Fiction
12.2 / FALL / WINTER 2017

REVOLUTION

Fall

He presented her with a canvas bag the morning of their fifth wedding anniversary. “A new project,” he said, prodding the bag across the breakfast table.

Inside were patterned gloves, miniature metal rakes and trowels, and an array of ready-to-plant bulbs. “There,” he said, pointing out the patio doors at a wide patch— the grass jaundiced with drought—under the window of the abandoned nursery. “Fuck the neighbors and their lilies.”

She hesitated, then yielded. “Yes,” she said, selecting daffodils from the bag. “All those white lilies. This isn’t Holland.”

“Or Connecticut,” he snorted, not bothering to correct her. He choose tulips, plotting a rainbowed tract.

“So this is our project now,” he said.

“We’re done,” she agreed, her voice thick. They had been at it for three years with no results.

“Let’s do it,” he said and clapped his hands, the endnote of a failed composition. She dumped the supplies she had gathered onto the table and together they scissored appointment cards, shredded calendars, snapped sterile needles, smashed unused test sticks, and popped plastic pill rounds. When they were finished, an aimless pile of debris remained. He flipped a few scraps in the air, let them fall like confetti, then kissed her frozen smile. They ceased having sex.

They rushed to plant, the first frost arriving sooner than they expected, the top soil the consistency of week-old bread. With gloved hands, they nestled the bulbs down where the earth was crumbled and damp.

“Six inches deep,” he instructed.

Her head bobbed. She troweled to eight.

She passed him the ruler. “Leave four inches between.”

He nodded, eyeballing the width, and settled short of three.

With a watering can, she sprinkled the mounded dirt, the garden hose silent at his feet. They retreated inside to sip lukewarm coffee.

Winter

They breakfasted in view of the yard, then went about their separate daily tasks. In the evening, long after the sun retreated, they prowled the rooms, hugging the corners, tensing on the inhales, withdrawing to opposite sides of their shared bed to contemplate the blank walls.

Spring

The air warmed. Week after week, they scanned the yard for signs of surfacing. Shielding their eyes, they searched the strip for evidence of slugs, hints of mites or moles. They tested the soil: fertile with a good mix of nutrients.
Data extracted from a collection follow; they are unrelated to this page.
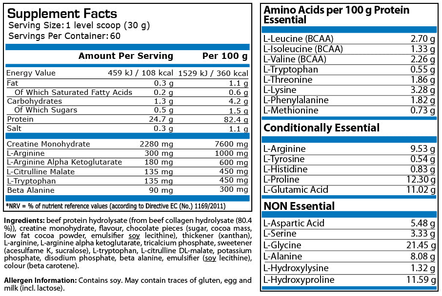 Телешкият протеин е с перфектен аминокиселинен профил, като е без глутен и лактоза. Това го прави идеален инструмент за възстановяване след тренировка или каквато и да е физическа активност!
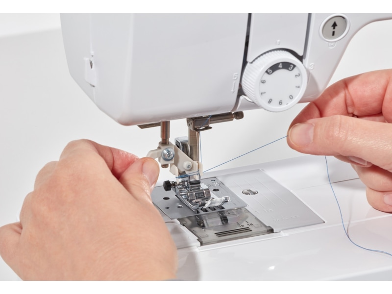Du kan selv velge om nålen skal stoppe oppe eller nede i stoffet hver gang du løfter foten av pedalen - en funksjon som gir mer kontroll og flyt i arbeidet. I tillegg har maskinen en start/stopp knapp som et alternativ til fotpedalen.
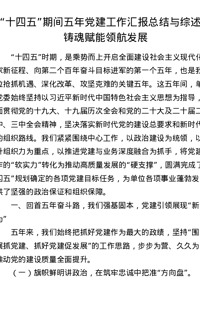 “十四五”期间五年党建工作汇报总结与综述:铸魂赋能 领航发展
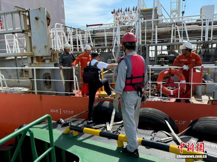来自嘉兴港的引航员登上巴拿马籍散装化学品船“RABIGHSUNSHINE”轮。浙江海事局供图
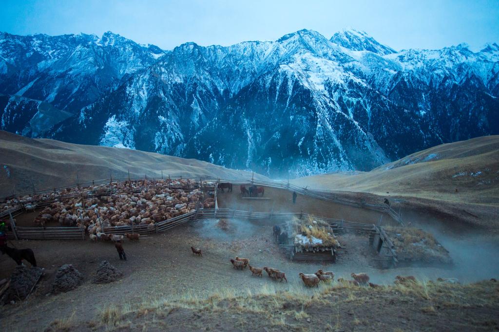 冬日傍晚,新疆伊犁包扎得尔的一个冬牧场,哈萨克族牧民的羊群归圈。牧民在冬牧场连续生活5个月,待到来年3月再次转出,人们把这种季节性迁徙称为“转场”。千百年来,这一习俗在当地绵延流传,直到今天。 新华社记者 江文耀 摄
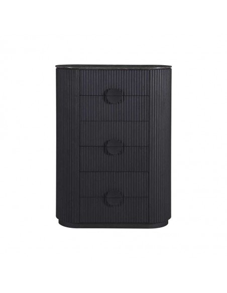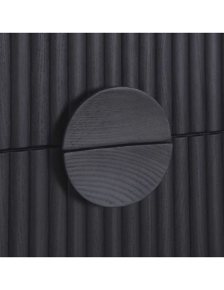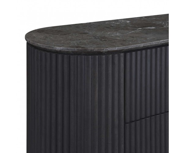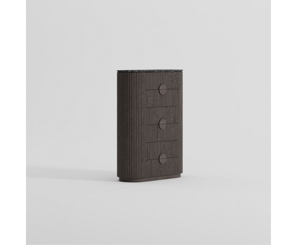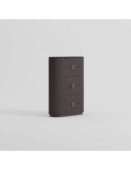 Cómoda de palillería en fresno oscuro combinada con mármol gris mate.
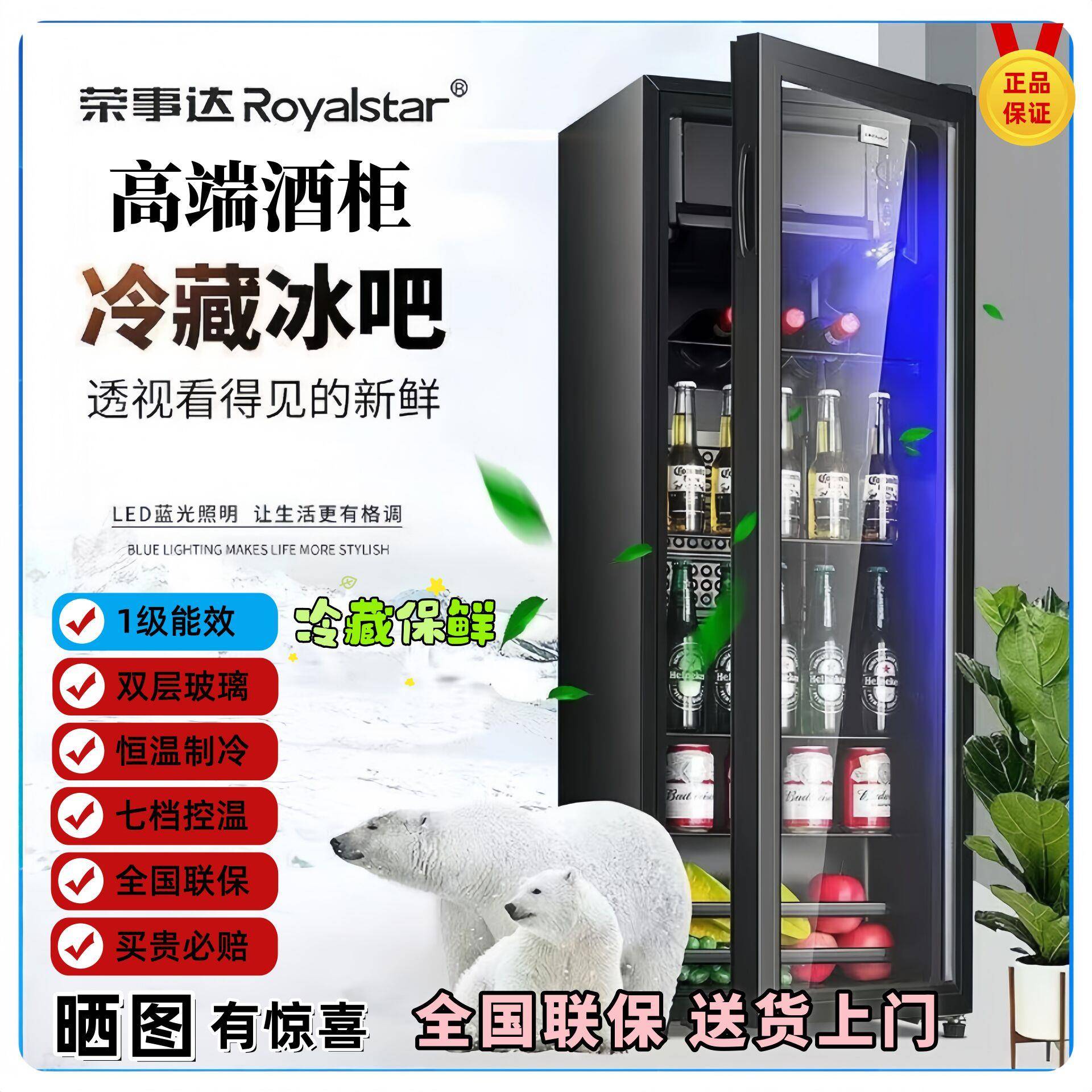荣事达冰吧家用小型冷藏柜商用办公室饮料茶叶红酒透明冰箱网红

Seated at the table, sipping gone-cold coffee, they stared out the patio doors at the neighbors’ robust beds of white lilies listing coyly in the sun, their large brood of Irish towheads narrowly missing the blooms with their noisy thrust of balls and rackets and roughhousing.

“It’s obnoxious to have that many kids,” he said, his starched cuff skimming the jelly on his toast.

“Yes,” she said, although six didn’t seem that extreme. “This isn’t Connecticut.”

Summer

They began to dig. Their dirt-splotched gloves and rusted tools tore wide investigative holes. They found the bulbs undisturbed, cocooned, patient. They threw down their trowels and gloves, retreating inside. Drawing the blinds, they eyed each other accusingly—suspecting interference, overwatering, hovering.

That night, while contemplating her wall, she remarked how he had stopped buying her favorite candies. Without turning, he reflected on a comment she had made about his cologne. She bristled that his mother was forever in their business. He countered that he detested her whiny friend Karen. She questioned the money he lost in a risky investment his boss had bullied him into. He grilled her about a text from a coworker she annoyingly called her “work husband.” She sneered she had initially found his brother better-looking. He spat he had hated her wedding dress.

Ablaze, she swung around, clawing at his chest, red stripes scoring his pale flesh. He seized her hands and yanked her to him as she bit at his jaw and they tumbled to the floor, upending the nighttable.

Fall

When the breeze cooled and the wafting smell of pork ribs grilling on the barbecue made her buckle, he stood on the patio and recalled the frenzied encounter that had produced the long-desired outcome. He left the ribs smoking, their thick, honeyed fragrance watering his mouth, and began to fill the holes beneath the nursery window with his bare hands, earth gathering under his fingernails. After a while she joined him on all fours, their naked arms touching, their palms tamping down the loose dirt, their neighbors’ lilies deadheaded and forgotten.

 

 

Vinessa Anthony DiSousa is a mother, meditator, writer, instructor, hair assassin and dog slave. She has a MFA in Fiction from Sarah Lawrence College, won an honorable mention for the GlimmerTrain 2016 “Family Matters” short story contest and received two honorable mentions from the Pen Parentis Writing Fellowship for New Parents 2016. She lives in New Jersey with her husband, daughter and two dogs.